Our study has limitations. First, it is a retrospective investigation of patients seen at a tertiary referral centre. This approach can lead to false positive associations, particularly in studies of disease clustering.7 However, this limitation is minimised by the use of a control group of Tourette’s syndrome patients referred to the MDC-UFMG by the same process. Second, we were not blinded to the clinical status of the patients. Although this would have been ideal, to have remained blinded to the diagnosis would have been impossible because of the obvious phenomenological differences between Sydenham’s chorea and Tourette’s syndrome.

We hypothesise that the increased susceptibility of patients with Sydenham’s chorea to develop drug induced parkinsonism reflects an underlying nigro-striatal dysfunction produced by cross reactive streptococcus induced antibodies. Recent studies suggest that the antibodies circulating in the sera of Sydenham’s chorea patients not only recognise antigens of the basal ganglia2 but also CNS myelin, causing acute disseminated encephalomyelitis.8 It is thus possible that the anti-basal ganglia antibodies also cross react with neurones of the substantia nigra.

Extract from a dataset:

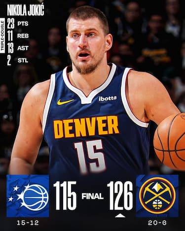 Il sesto successo consecutivo dei Nuggets arriva grazie a un secondo quarto da 43-22 per i padroni di casa, guidati da 20 dei 32 punti di serata di Jamal Murray solamente in quella frazione di gioco per rimontare da -14. A tutto il resto ci pensa la 13^ tripla doppia stagionale di Nikola Jokic da 23 punti, 11 rimbalzi e 13 assist, superando anche Kareem Abdul-Jabbar per maggior numero di assist in carriera (ora è a 5.667) da parte di un centro. Agli ospiti, privi di Franz Wagner e Jalen Suggs, non basta la tripla doppia da 26-16-10 di Paolo Banchero, alla sua terza in carriera

The results of our study have two implications. First, there is a need for caution when treating patients with Sydenham’s chorea with dopamine receptor blocking drugs. Second, as patients with Sydenham’s chorea and Tourette’s syndrome respond differently to neuroleptics, this weakens the hypothesis that similar mechanisms are involved in the pathogenesis of these conditions.